If you change just one number, this exact same model stops looking at your image and turns into a full text to video generator. It creates a completely new character from scratch just from your words.
In this post, I am going to show you how to use this Overlap 0 hack. I will also show you the exact settings you need to fix the big eyes bug and why the new default is 93 frames.
The Files You Need to Download
First, let’s make sure you have the right files. Since this is a special LongCat workflow, you cannot just use the normal Wan model. I checked the requirements and here is the list of files you must have.
- LongCat TI2V Comfy FP8 is the main checkpoint you need. I use the FP8 version because it fits on my GPU easily.
- LongCat Distill LoRA is required to make the render fast. Do not skip this file or it will be very slow.
- Wan 2.1 VAE is needed for the correct colors.
- UMT5 XXL FP8 is the text encoder that understands your prompt.
- Clip Vision H is required since we are doing Image to Video initially.
I recommend you double check your folder to ensure you have all of these before you start ComfyUI.
Why I Use 93 Frames Now
Now, you may notice that something different in this new workflow. In this old version, we always used 81 frames it was the standard for a 5 second clip. But Kijai updated for the workflow, and now the default is 93 frames.
Why did he change it?
It comes down to how the model sees time. Wan 2.1 does not see individual frames. It processes video in blocks of 4. If you use 81 frames, that is exactly 20 blocks. But the community found a sweet spot.
The model can actually handle 23 blocks, which is 93 frames, without using much more VRAM or breaking the video. You are essentially squeezing out almost an extra second of footage for free. It gives you 5.8 seconds total. It is the maximum safe limit before the quality starts to drop. So I just leave it at 93 because it is better value for your compute.

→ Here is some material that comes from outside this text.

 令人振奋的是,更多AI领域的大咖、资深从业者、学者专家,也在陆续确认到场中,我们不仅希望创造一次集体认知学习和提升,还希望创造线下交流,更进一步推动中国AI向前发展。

The Overlap 0 Hack for Text to Video
Now, here is the trick I mentioned at the start. A user on Reddit discovered this, and I tested it myself.

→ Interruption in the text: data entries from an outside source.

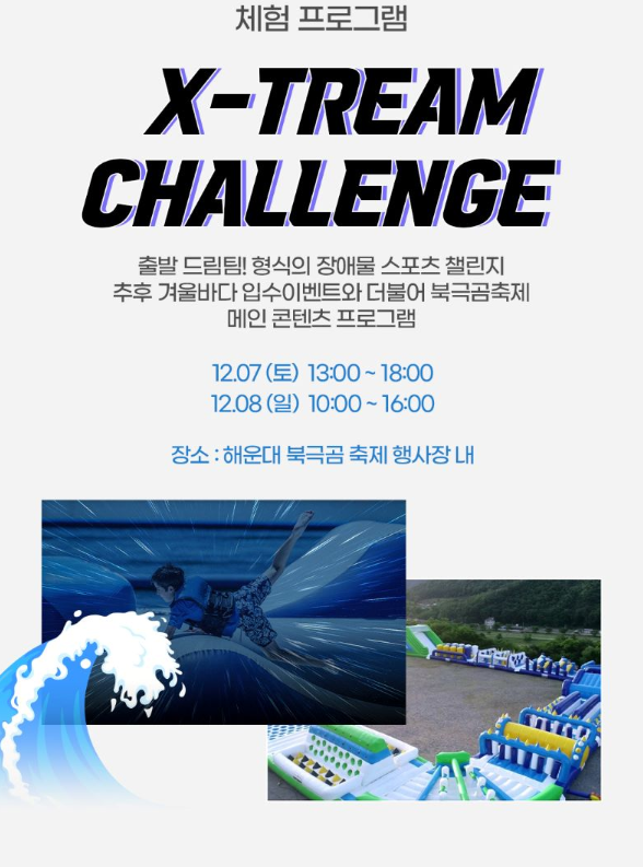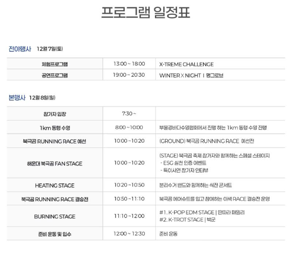 | 일정 | 전야행사 : 2024년 12월 6일(금) - Winter X 콘서트 본행사 : 2024년 12월 7일(토) - 북극곰 수영 대회 및 다양한 프로그램 마감행사 : 2024년 12월 8일(일) |
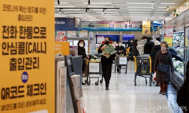 정부가 내일부터 전국의 대형마트·백화점·보습학원·독서실·박물관·영화관 등 코로나19 감염 전파 위험이 적은 시설의 방역패스 적용 해제를 발표한 17일 서울 한 대형마트에서 시민들이 장을 보고 있다.
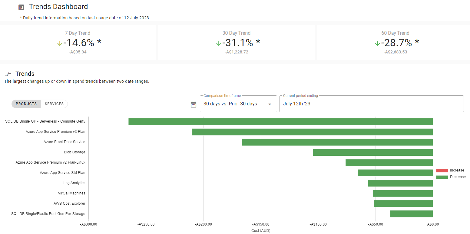 The Trends dashboard provides insight into the top Products and Services that are varying by spend. Entities are compared between two time periods to understand which services and products contributed to the largest differences in spend -/+%.

Go to the node called WanVideo LongCat Avatar Extend Embeds. Usually, you set the overlap to 14 or 16. This tells the model to look at your avatar image and extend it.

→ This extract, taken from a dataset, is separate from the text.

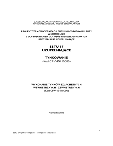 SZCZEGÓŁOWA SPECYFIKACJA TECHNICZNA WYKONANIA I OBIORU ROBÓT BUDOWLANYCH PROJEKT TERMOMODERNIZACJI BUDYNKU OŚRODKA KULTURY W NIEMODLINIE Z DOSTOSOWANIEM DLA OSÓB NIEPEŁNOSPRAWNYCH SPECYFIKACJE UZUPEŁNIAJĄCE SSTU 17 UZUPEŁNIAJĄCE TYNKOWANIE (Kod CPV 45410000) WYKONANIE TYNKÓW SZLACHETNYCH WEWNĘTRZNYCH I ZEWNĘTRZNYCH (Kod CPV 45410000) Niemodlin 2016 1 SSTU 17 Tynki wewnętrzne i zewnętrzne szlachetne SPIS TREŚCI 1. CZĘŚĆ OGÓLNA ............................................................................... 3 2. WYMAGANIA DOTYCZĄCE WŁAŚCIWOŚCI MATERIAŁÓW ........... 6 3. WYMAGANIA DOTYCZĄCE SPRZĘTU, MASZYN I NARZĘDZI ....... 9 4. WYMAGANIA DOTYCZĄCE TRANSPORTU ................................... 10 5. WYMAGANIA DOTYCZĄCE WYKONANIA ROBÓT ........................ 10 6. KONTROLA JAKOŚCI ROBÓT ........................................................ 15 7. WYMAGANIA DOTYCZĄCE PRZEDMIARU I OBMIARU ROBÓT .. 17 8. SPOSÓB ODBIORU ROBÓT ........................................................... 18 9. PODSTAWA ROZLICZENIA ROBÓT ............................................... 20 10. DOKUMENTY ODNIESIENIA ......................................................... 21 Najważniejsze oznaczenia i skróty: ST – Specyfikacja Techniczna SST – Szczegółowa Specyfikacja Techniczna ITB – Instytut Techniki Budowlanej PZJ – Program Zabezpieczenia Jakości 2 SSTU 17 Tynki wewnętrzne i zewnętrzne szlachetne 1. CZĘŚĆ OGÓLNA 1.1. Nazwa nadana zamówieniu przez zamawiającego Termomodernizacja budynku Ośrodka Kultury w Niemodlinie z dostosowaniem dla osób niepełnosprawnych - I etap wymiana zewnętrznej stolarki okiennej i drzwiowej. 1.2. Przedmiot ST Przedmiotem niniejszej szczegółowej specyfikacji technicznej (SST) są wymagania dotyczące wykonania i odbioru tynków szlachetnych wewnętrznych i zewnętrznych. 1.3. Zakres stosowania ST Szczegółowa specyfikacja techniczna dotyczy tynków wewnętrznych i zewnętrznych wykonywanych w ramach zadania z p. 1.1. Nie dotyczy tynków zewnętrznych wykonywanych w ramach systemu ocipleniowego ETICS. Odstępstwa od wymagań podanych w niniejszej specyfikacji mogą mieć miejsce tylko w przypadkach prostych robót o niewielkim znaczeniu, dla których istnieje pewność, że podstawowe wymagania będą spełnione przy zastosowaniu metod wykonania wynikających z doświadczenia oraz uznanych reguł i zasad sztuki budowlanej. 1.4. Przedmiot i zakres robót objętych ST Specyfikacja dotyczy wszystkich czynności mających na celu wykonanie wewnętrznych i zewnętrznych tynków szlachetnych na podkładach z tynków zwykłych. Przedmiotem opracowania jest określenie wymagań odnośnie właściwości materiałów, wymagań w zakresie sposobów oceny podkładów, wymagań dotyczących wykonania tynków szlachetnych oraz ich odbiorów. Specyfikacja nie obejmuje wymagań dotyczących wykonania podkładów z tynków zwykłych, tynków zwykłych, pocienionych z fabrycznie przygotowanych mieszanek tynkarskich, specjalnych (np. akustycznych, przeciwpożarowych), renowacyjnych, stiuków, sgrafitto i suchych tynków. Wymagania dla podkładów z tynków zwykłych określono w specyfikacji technicznej Tynkowanie. Kod CPV 45410000. Wykonanie tynków zwykłych wewnętrznych i zewnętrznych. Kod CPV 45411000. 1.5. Określenia podstawowe, definicje Określenia podane w niniejszej Specyfikacji są zgodne z odpowiednimi normami oraz określeniami podanymi w ST „Wymagania ogólne” Kod CPV 45000000-7, pkt 1.4. Podłoże – powierzchnia elementu konstrukcyjnego lub podkład, na który nakłada się wyprawę. Podkład – warstwa ochronna lub wyrównująca nałożona na powierzchnię elementu budowlanego. Masa tynkarska – masa otrzymywana przez zarobienie wodą lub specjalną substancją suchej mieszanki tynkarskiej. 3 SSTU 17 Tynki wewnętrzne i zewnętrzne szlachetne Sucha mieszanka tynkarska – mieszanka spoiw mineralnych, wypełniaczy, domieszek lub dodatków modyfikujących, ewentualnie pigmentów, przygotowana fabrycznie lub na placu budowy. Pigment – naturalna lub sztuczna substancja barwna lub barwiąca, która nadaje kolor masie tynkarskiej. Tynk szlachetny – powłoka z zaprawy szlachetnej mająca określoną barwę i fakturę, nanoszona ręcznie lub mechanicznie na podkład z tynku zwykłego, ściśle z nim związana i stanowiąca ostateczne wykończenie plastyczne powierzchni, na której została wykonana. Ze względu na technikę wykonania powłoki z zaprawy szlachetnej i sposób obrobienia jej powierzchni (fakturę) rozróżnia się następujące rodzaje i odmiany tynków szlachetnych: a) o fakturze wynikającej z techniki nanoszenia zaprawy – nakrapiane, b) obrabiane w trakcie wiązania zaprawy – zmywane, cyklinowane i gładzone, c) obrabiane po stwardnieniu zaprawy – kamieniarskie, wśród których w zależności od użytych narzędzi rozróżnia się odmiany: nakuwane, młotkowane, szlifowane. Ze względu na wielkości ziarn kruszywa użytego do zaprawy szlachetnej rozróżnia się następujące struktury tynku szlachetnego: a) bardzo drobnoziarnista – uzyskana przy użyciu kruszywa o uziarnieniu do 1,25 mm (tynki gładzone i kamieniarskie), b) drobnoziarnista – uzyskana przy użyciu kruszywa frakcji 1,25÷2,5 mm (tynki gładzone, kamieniarskie, cyklinowane i zmywane), c) średnioziarnista – uzyskana przy użyciu kruszywa frakcji 2,5÷5 mm lub grupy frakcji 1,25÷5 mm (tynki kamieniarskie, cyklinowane i zmywane), d) gruboziarnista – uzyskana przy użyciu kruszywa frakcji 5÷10 mm lub grupy frakcji 2,5÷10 mm (tynki kamieniarskie, cyklinowane i zmywane), W tynkach nakrapianych nie rozróżnia się struktury. Okres przydatności mieszanki – okres w którym sucha mieszanka tynkarska przechowywana w opakowaniu fabrycznym spełnia wymagania odpowiednio do rodzaju mieszanki. 1.6. Ogólne wymagania dotyczące robót Wykonawca robót jest odpowiedzialny za jakość ich wykonania oraz za zgodność z dokumentacj
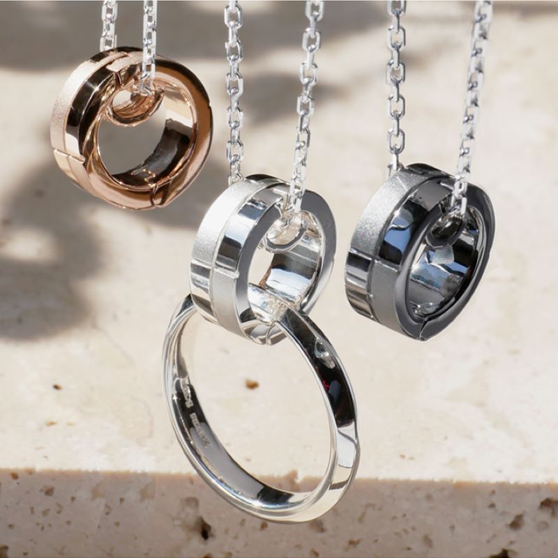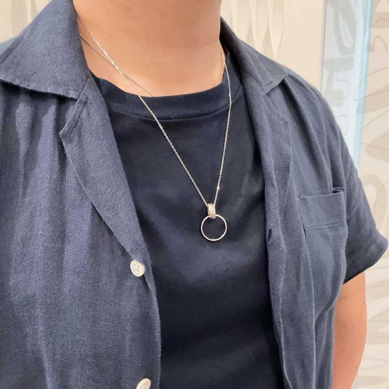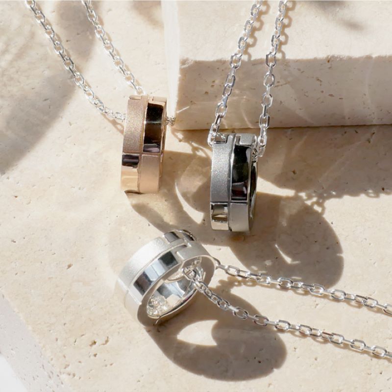 リングホルダーとしてはもちろん、リングを付けずに単品使いでリングモチーフのネックレスとしてもお使いいただける2way ネックレス。異なるテクスチャを組合せて柔らかな輝きをまとわせました。シンプルで洗練されたデザインで、男女ともにカジュアルなTシャツからシックなセーターなど、どのコーディネ―トとも相性が良くシーンを問わずご着用いただけます。

But if you change this Overlap to 0, you break that connection. The model stops looking at your image entirely. It switches to Text to Video mode.
You do not need to disconnect the image nodes or change the workflow. Just type a prompt like “A cinematic shot of a cyberpunk girl in neon rain” and set overlap to 0 and hit Queue. It will generate a brand new person from scratch.
So remember this simple rule. Use Overlap 14 for your Avatar. Use Overlap 0 for a New Character.
Resolution and Speed Settings
Before we generate, we need to fix your resolution and most important for speed is attention Mode.
For This Model Do not use 1080p. I know you want 1080p, but the model was not trained on it. If you force it to 1920 by 1080, the face will distort, this will crash ComfyUI.
For the best quality, stick to 1280 by 720 for landscape. Or use 720 by 1280 for portrait. If you have a smaller Gpu like a 12 GB one, use 832 by 480. It is much faster Give you better quality result.
Also, check your Attention mode. Make sure you are using Flash Attention and not Sage Attention. In my tests, Flash Attention is significantly faster on Windows and If you see error messages about Sage attention in your console, switch to Flash or SDPA immediately.